1.Can they thwart bad guys at all phases in the threat lifecycle?
Don’t forget that malware and APTs are not the same thing. Your adversaries are engaging in reconnaissance. Then they’re infiltrating your network using malware, stolen passwords, targeted phishing, network vulnerabilities or other methods. Afterward, they’re propagating inside your environment and opening command and control (C2) channels. Then — almost always — they’re exfiltrating sensitive information. If a prospective vendor can only help you with one of these many phases, consider what other measures you’ll need to fill the gaps.
2. Are they an easy company to work with?
“Trusted advisor” is the relationship every vendor should be striving for, and some are better than others at achieving it. Be sure you’re working with someone who will be there for you before, during and well after your purchase decision … and not just at the end of the quarter when the next purchase order is due.
3. Are they innovating while embracing open standards?
Tomorrow it’ll be some other new thing. But today, one innovative tool security vendors should embrace is YARA, a technology aimed at (but not limited to) helping malware researchers identify and classify malware samples. YARA rules can find patterns where regex or snort rules fall hopelessly short. Fidelis Security has absorbed YARA into its prevention-enabled real-time inspection technology, leveraging YARA rules against both unknown protocols and files in transit. This is particularly useful for customers who may already be using YARA against static files or RAM images: they can re-use the same rules in other contexts.
4. Do they integrate with and complement other components in your information security stack?

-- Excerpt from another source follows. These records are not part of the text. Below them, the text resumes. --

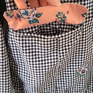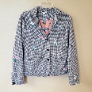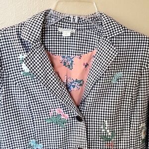 Like new Sundance womens Tansy gingham print floral embroidered blazer with 3 front buttons and pockets on both sides. Has pink floral lining inside the blazer, cuffs and pockets
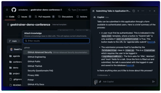 本次全面上市的GitHub Copilot Enterprise主要有三大创新功能。
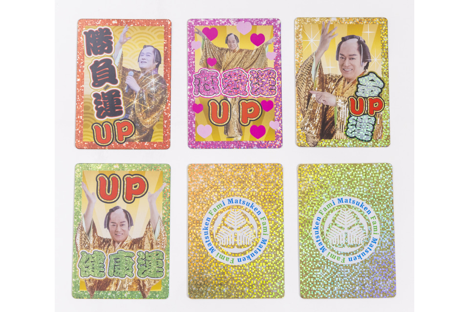 おまけとして「おみくじ開運カード」(全6種からランダムで1枚)が入り、500個に1個の確率で1万円相当の「ファミペイギフトカード」、3000個に1個の確率で松平健さんの直筆サインが入る。
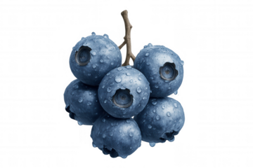Fresh blueberries with water drops on a twig, healthy berry fruit group on transparent background

We don’t live in a vacuum. Vendors all have to play nice, and you’ll be more successful when all of your security technologies are working together as one solution. Make sure you invest in technologies with well-documented and provably usable APIs, well-defined use cases for integration, and available integration services to help you make the most of those integration opportunities.

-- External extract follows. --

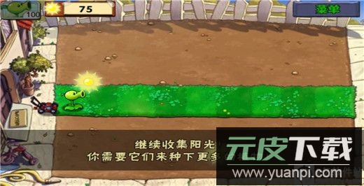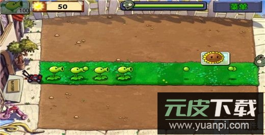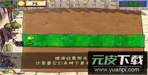 4、在草地格子上种植豌豆射手,这是初期可靠的攻击植物;

5. Do they feature a stellar research organization?
The threat landscape continues to move quickly, and unless you have a team of, say, a dozen passionate and knowledgeable security ninjas, you can’t keep up with these developments on your own. You’ll need a partner looking out for you, a partner with the research chops that are needed to be sure your defensive assets are equipped with the latest and most applicable knowledge about hacker behaviors and how to defeat them.
6. Do they offer a proven technology?
The advanced threat defense category is a relative newcomer to the security community, but third-party test results are already beginning to emerge. Has your vendor participated in these tests?

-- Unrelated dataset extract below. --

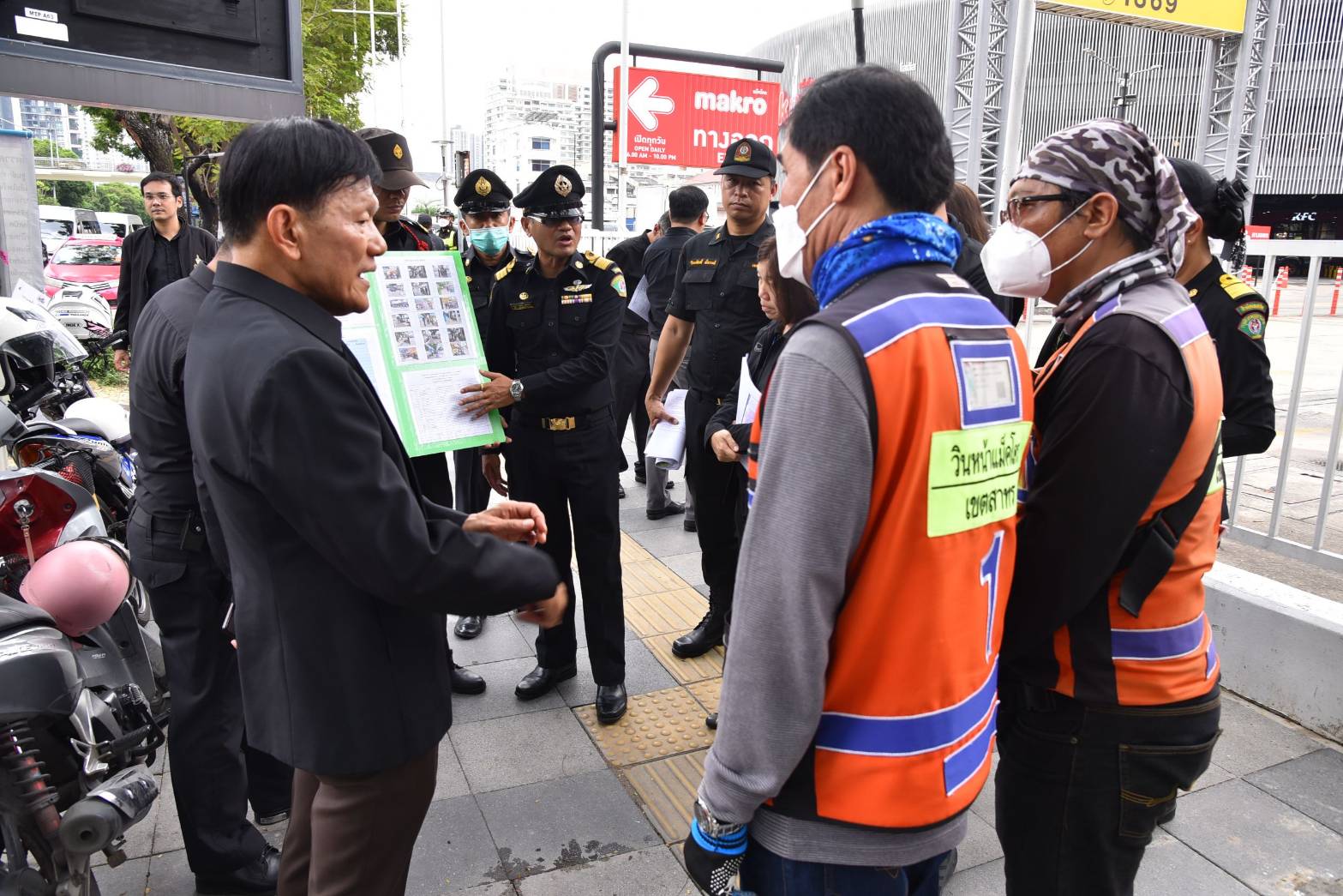 ติดตามการจัดระเบียบวินรถจักรยานยนต์สาธารณะ วินหน้าห้างแม็คโคร ถนนนราธิวาสราชนครินทร์ ผู้ขับขี่ 11 คน สถานที่ตั้งวินและจุดจอดรถจักรยานยนต์อยู่บนทางเท้า ปัจจุบันเขตฯ มีวินรถจักรยานยนต์สาธารณะในพื้นที่ 155 วิน ผู้ขับขี่ 1,919 คน มีวินรถจักรยานยนต์สาธารณะที่มีศักยภาพเพื่อพัฒนาให้เป็นวินต้นแบบ 32 วิน ซึ่งเขตฯ ได้ตรวจความเรียบร้อยตามแบบประเมินวินรถจักรยานยนต์สาธารณะอย่างต่อเนื่อง หากพบว่ามีข้อใดไม่ถูกต้องตามเกณฑ์จะแจ้งข้อบกพร่องให้ผู้ขับขี่รับทราบ เพื่อดำเนินการแก้ไขให้ถูกต้องเรียบร้อย สำหรับแบบประเมินวินรถจักรยานยนต์สาธารณะ ประกอบด้วย 1.ด้านความสะอาด ได้แก่ สถานที่ตั้งวินและโดยรอบต้องมีความสะอาด ไม่มีการตอกผูกยึดโยง 2.ด้านความเป็นระเบียบเรียบร้อย ได้แก่ จอดรถจักรยานยนต์เป็นระเบียบ ไม่กีดขวางทางเท้าหรือพื้นผิวจราจร ตั้งวางม้านั่งเป็นระเบียบ 3.ด้านกฎหมาย ได้แก่ การแต่งกายถูกต้องตามที่กฎหมายกำหนด เสื้อวิน เบอร์เสื้อถูกต้องตามบัญชี ไม่ขับขี่บนทางเท้า ป้ายทะเบียนถูกต้อง สวมหมวกนิรภัย ป้ายอัตราค่าโดยสารถูกต้อง ไม่เก็บค่าโดยสารเกินราคา ไม่นำเสื้อวินไปเช่าช่วงต่อ 4.ด้านอื่น ๆ ได้แก่ ไม่ดื่มสุรา กริยามารยาทสุภาพ ทั้งนี้ รองผู้ว่าราชการกรุงเทพมหานคร ได้มอบหมายให้เขตฯ จัดระเบียบวินรถจักรยานยนต์สาธารณะให้เป็นระเบียบเรียบร้อย ตรวจตามแบบประเมินวินรถจักรยานยนต์สาธารณะอย่างเคร่งครัด เน้นย้ำผู้ขับขี่รถจักรยานยนต์สาธารณะให้ปฏิบัติตามระเบียบข้อบังคับที่กฎหมายกำหนด อาทิ การแต่งกาย ป้ายทะเบียนรถ อัตราค่าโดยสาร สถานที่ตั้งวิน วินัยจราจร รวมถึงตรวจสอบจำนวนผู้ขับขี่ในแต่ละวิน จัดทำข้อมูลให้ถูกต้องครบถ้วนและเป็นปัจจุบัน โดยเฉพาะข้อมูลจำนวนวินของเขตฯ และของสำนักเทศกิจจะต้องตรงกัน ตรวจสอบในพื้นที่ไม่ให้มีการแยกไปตั้งวินย่อยอย่างเด็ดขาด

7. Do they offer tightly integrated technology and service offerings?
If a prospective vendor doesn’t have their own credible breach services organization, ask whom they partner with. All of the latest whiz-bang tech in the world won’t help you in a jam if you don’t have the smartest people in the business standing beside you.
8. Have they assembled a community of satisfied, fanatical customers?
No one is an island. It’s especially true lately that we need to improve the ways in which we collaborate. What is your vendor doing to facilitate the kind of communication and collaboration among its customers that will create the rising tide that lifts all boats?
9. Is their technology ‘just right,’ not overly mature and not too bleeding edge?
This is not a Goldilocks question: one size does not fit all. You may be sophisticated enough (and sufficiently prominent as a target) to have an appetite for less mature technology. Other folks don’t have the resources for the leading edge and may see the latest technology as risky in and of itself. How well do your vendors match up against your particular posture toward innovation?